## WORK TO COMPLETE:
Verbatim copy, images excluded: write out each record shown below.

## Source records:
◆ ◆ ◆ ◆ ◆ ◆ ◆

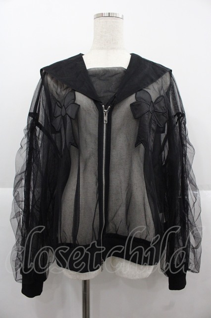 Candy Stripper / TULLE SHEER SAILOR BLOUSON 黒 I-25-12-06-062-PU-JA-SA-ZI
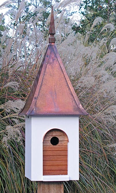 Add a sophisticated look to your bird sanctuary with the Heartwood French Villa Bird House. The white and brown colors, durable materials, and square shape of this unit combine for a distinctive look, and provide small songbirds a lasting and lovely roosting spot. The square body of the shelter, crafted from cellular PVC, forms a beautiful and low maintenance structure, for you and your birds to enjoy season after season. A mahogany door sits on the front panel of this abode, with copper molding at its top for a bright accent. A 1.5″ diameter entrance hole rests in this mahogany panel, contrasting the drop siding here, and allowing birds to access the shelter. A solid copper, hipped roof tops this home, flaring outward at the base for full protection from the elements. Its aged finish creates a timeless effect, while the generous, cast iron finial at the top completes the unit. A drainage hole on the base of the home helps the nest remain dry, and a copper disc on the back of the piece allows for seasonal nest checks and cleanouts. Use the included mounting plate to attach this home to a 4 x 4 post (not included), for a sturdy and attractive display. The cellular PVC body creates a lasting home which requires little maintenance, and can even withstand exposure to high humidity and freezing without cracking or warping, keeping the unit lovely for many seasons. Bring a bit of the French countryside to your bird sanctuary with this French Villa Bird House. Made in the USA.
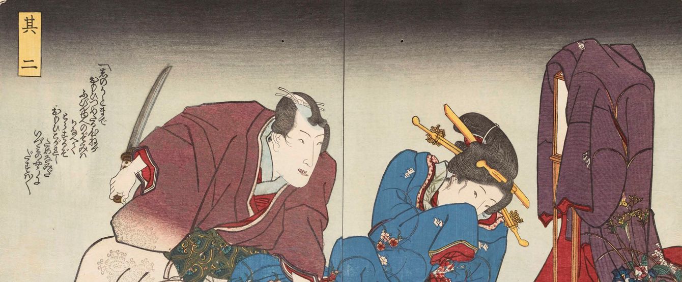 一陽斎豊国『霜釖曽根崎心中 天満屋おはつ・平野屋徳兵衛』、
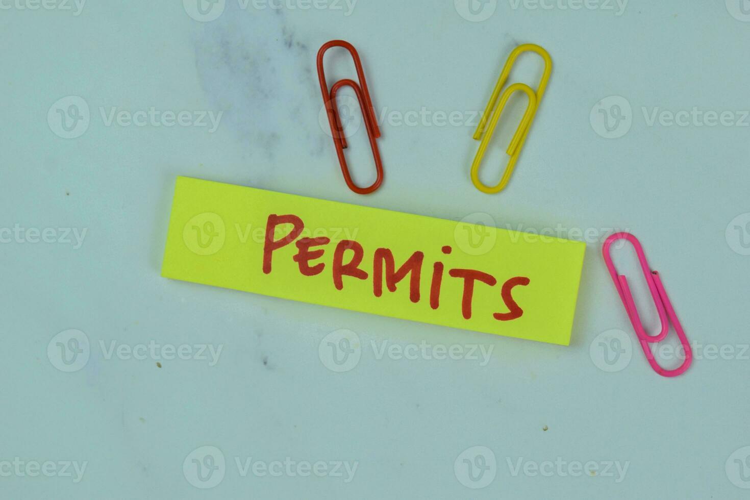 Concept of Permits write on sticky notes isolated on Wooden Table. Pro Photo
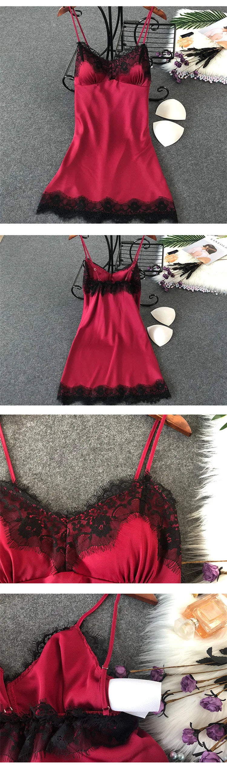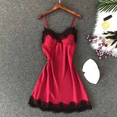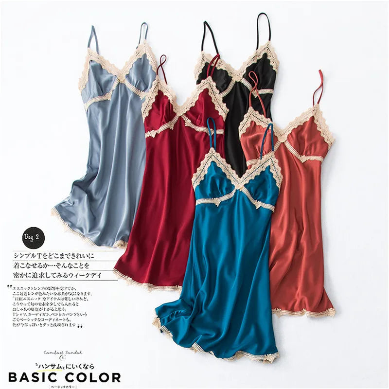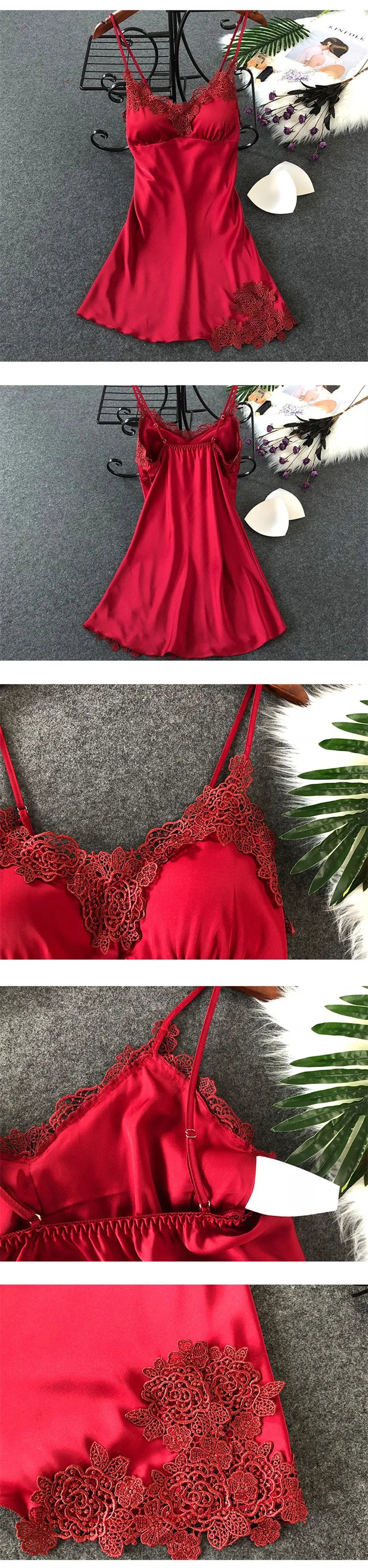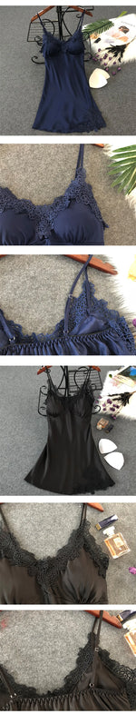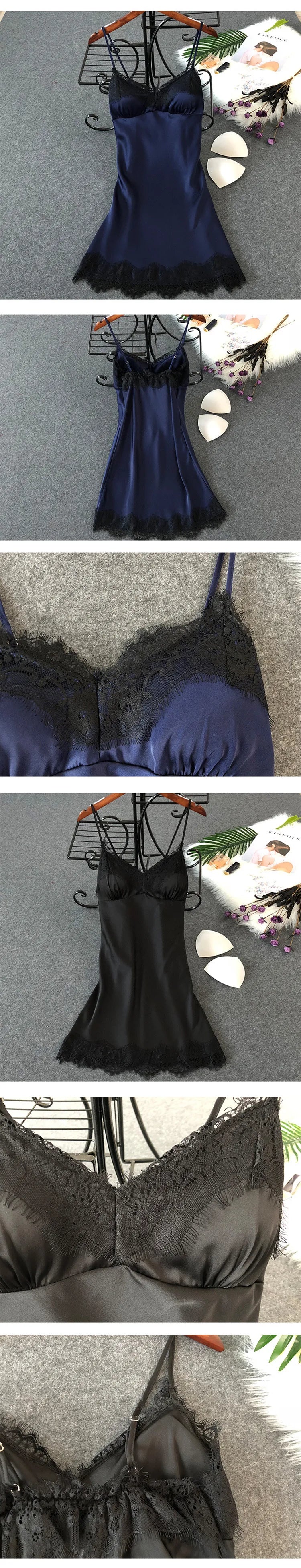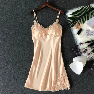 Women’s Silk Satin Lace-Trim Babydoll Nightgown with Chest Pad – Summer Sleep Chemise
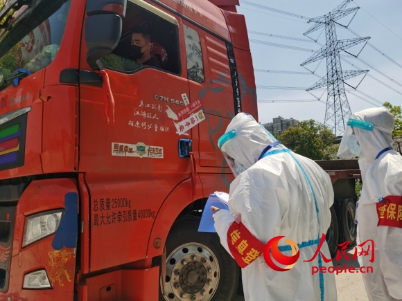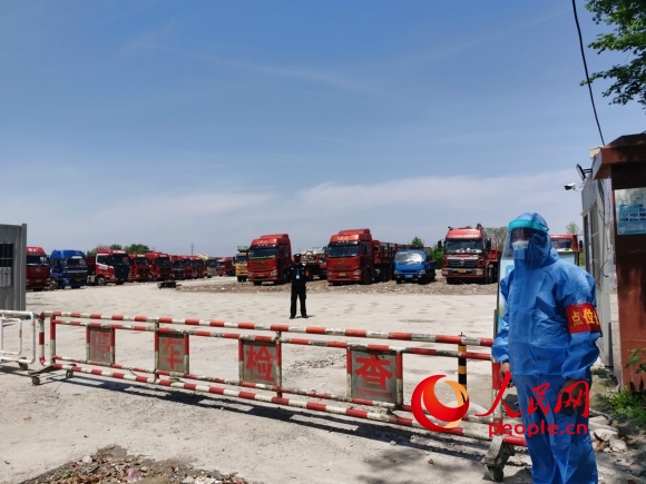 工作人員對外來貨車及駕乘人員進(jìn)行信息登記。人民網(wǎng)記者 王繼亮攝
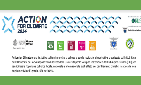 Action for Climate è una iniziativa sul territorio che si collega a quella nazionale dimostrativa organizzata dalla RUS Rete delle Università per lo Sviluppo sostenibile e dal Club Alpino Italiano (CAI) per sensibilizzare l’opinione pubblica locale, nazionale e internazionale sugli effetti dei cambiamenti climatici in atto alla luce degli obiettivi dell’agenda 2030 dell’ONU.
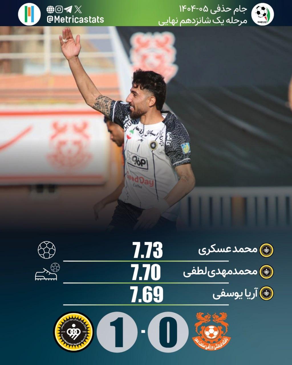 محمد عسگری برای دومین بازی متوالی موفق به گلزنی برای سپاهان شد و با نمره متریکا 7.73 بهترین بازیکن زمین شد.
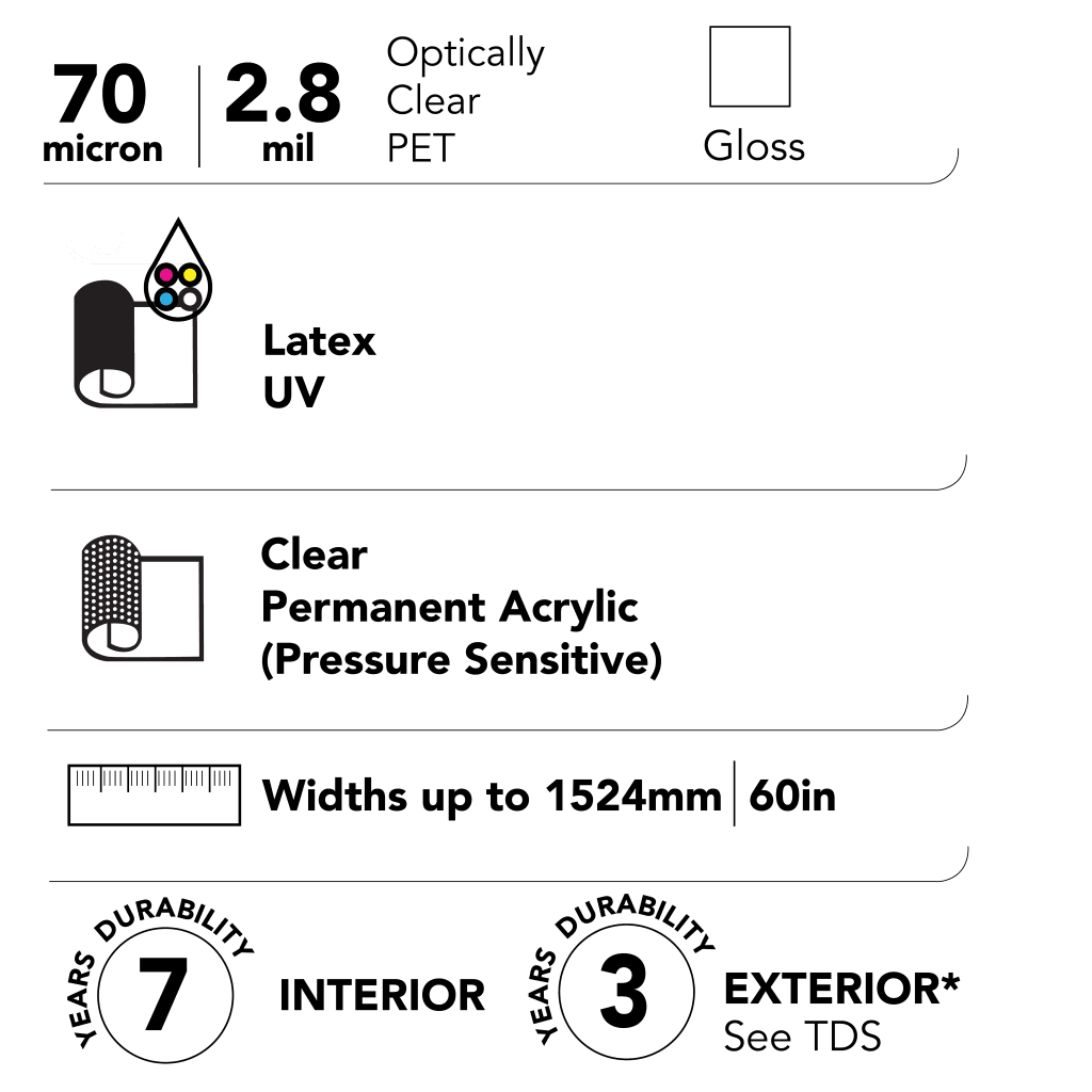 This optically clear printable window film utilises a special ink-receptive top coat for greater adhesion of inks. ViziPrint Deco + is ideal for architectural applications where decorative glass details are needed to create dynamic spaces, including conference rooms or private meeting areas. It can also be used to create graphics and window decals for retail storefronts and POP or backlit displays.
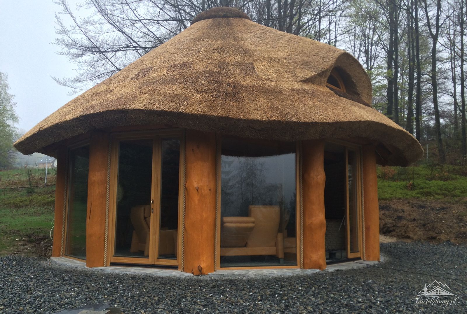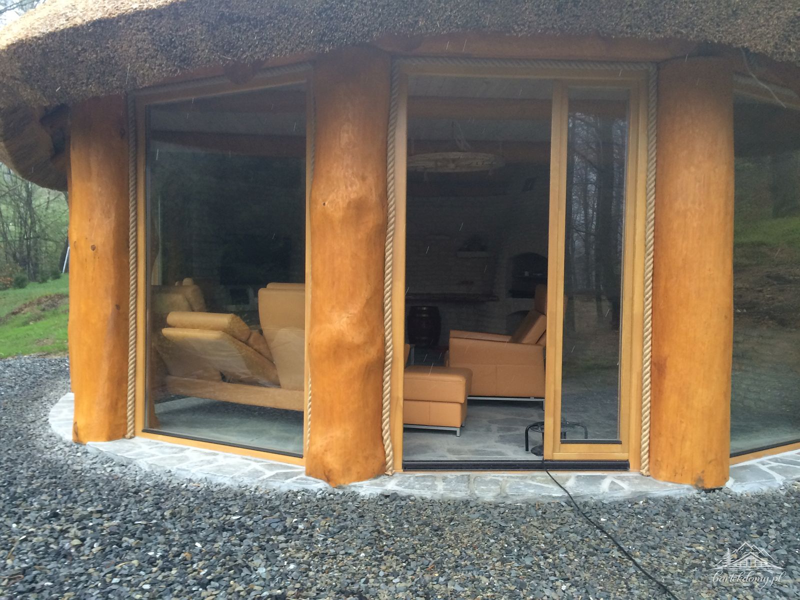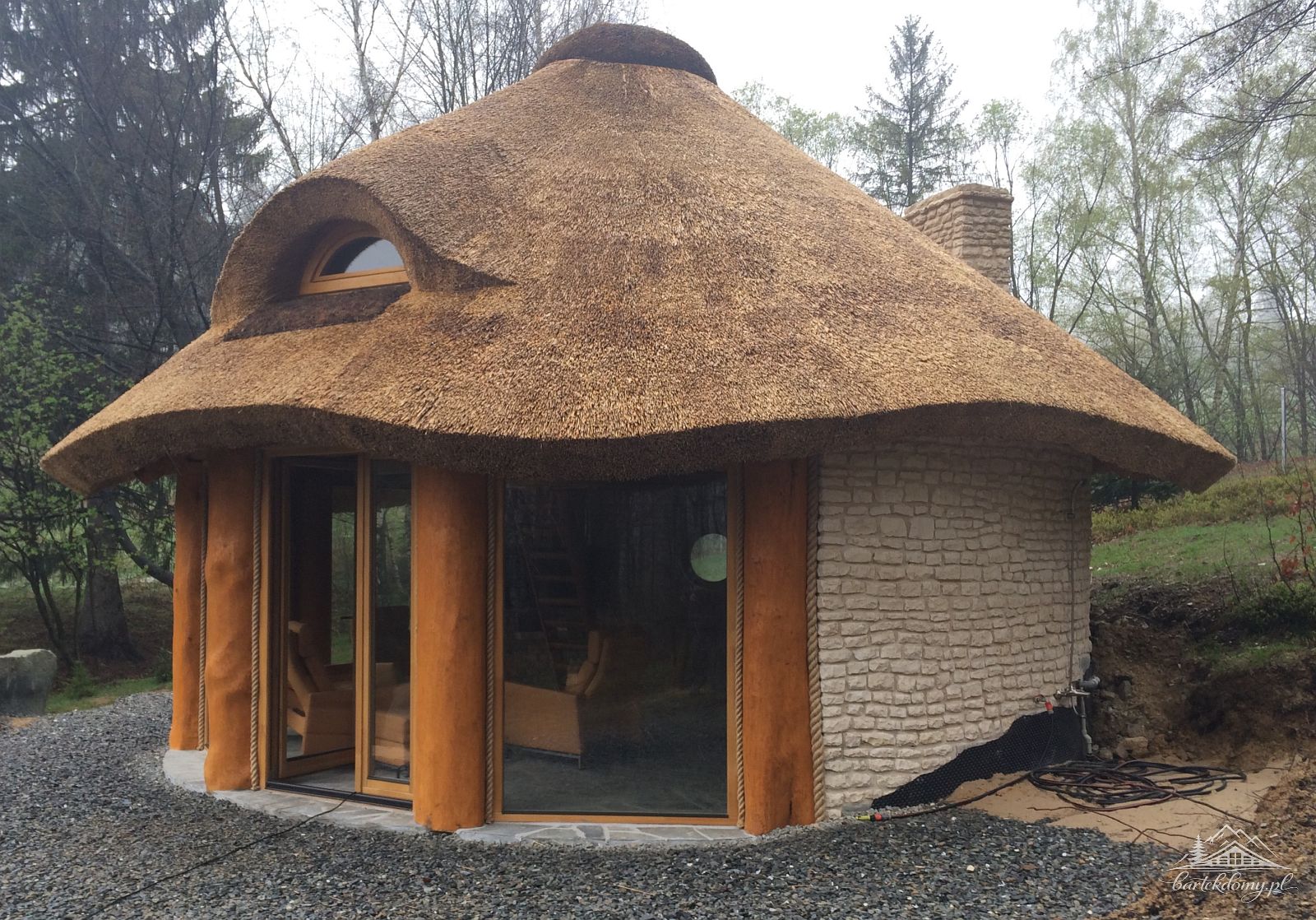 Słupy nośne altany o śr.50cm, w dachu krytym strzechą 1 nieotwierane wole okno.

◆ ◆ ◆ ◆ ◆ ◆ ◆

## ANSWER TO THIS PROBLEM:
 Candy Stripper / TULLE SHEER SAILOR BLOUSON 黒 I-25-12-06-062-PU-JA-SA-ZI
 Add a sophisticated look to your bird sanctuary with the Heartwood French Villa Bird House. The white and brown colors, durable materials, and square shape of this unit combine for a distinctive look, and provide small songbirds a lasting and lovely roosting spot. The square body of the shelter, crafted from cellular PVC, forms a beautiful and low maintenance structure, for you and your birds to enjoy season after season. A mahogany door sits on the front panel of this abode, with copper molding at its top for a bright accent. A 1.5″ diameter entrance hole rests in this mahogany panel, contrasting the drop siding here, and allowing birds to access the shelter. A solid copper, hipped roof tops this home, flaring outward at the base for full protection from the elements. Its aged finish creates a timeless effect, while the generous, cast iron finial at the top completes the unit. A drainage hole on the base of the home helps the nest remain dry, and a copper disc on the back of the piece allows for seasonal nest checks and cleanouts. Use the included mounting plate to attach this home to a 4 x 4 post (not included), for a sturdy and attractive display. The cellular PVC body creates a lasting home which requires little maintenance, and can even withstand exposure to high humidity and freezing without cracking or warping, keeping the unit lovely for many seasons. Bring a bit of the French countryside to your bird sanctuary with this French Villa Bird House. Made in the USA.
 一陽斎豊国『霜釖曽根崎心中 天満屋おはつ・平野屋徳兵衛』、
 Concept of Permits write on sticky notes isolated on Wooden Table. Pro Photo
 Women’s Silk Satin Lace-Trim Babydoll Nightgown with Chest Pad – Summer Sleep Chemise
 工作人員對外來貨車及駕乘人員進(jìn)行信息登記。人民網(wǎng)記者 王繼亮攝
 Action for Climate è una iniziativa sul territorio che si collega a quella nazionale dimostrativa organizzata dalla RUS Rete delle Università per lo Sviluppo sostenibile e dal Club Alpino Italiano (CAI) per sensibilizzare l’opinione pubblica locale, nazionale e internazionale sugli effetti dei cambiamenti climatici in atto alla luce degli obiettivi dell’agenda 2030 dell’ONU.
 محمد عسگری برای دومین بازی متوالی موفق به گلزنی برای سپاهان شد و با نمره متریکا 7.73 بهترین بازیکن زمین شد.
 This optically clear printable window film utilises a special ink-receptive top coat for greater adhesion of inks. ViziPrint Deco + is ideal for architectural applications where decorative glass details are needed to create dynamic spaces, including conference rooms or private meeting areas. It can also be used to create graphics and window decals for retail storefronts and POP or backlit displays.
 Słupy nośne altany o śr.50cm, w dachu krytym strzechą 1 nieotwierane wole okno.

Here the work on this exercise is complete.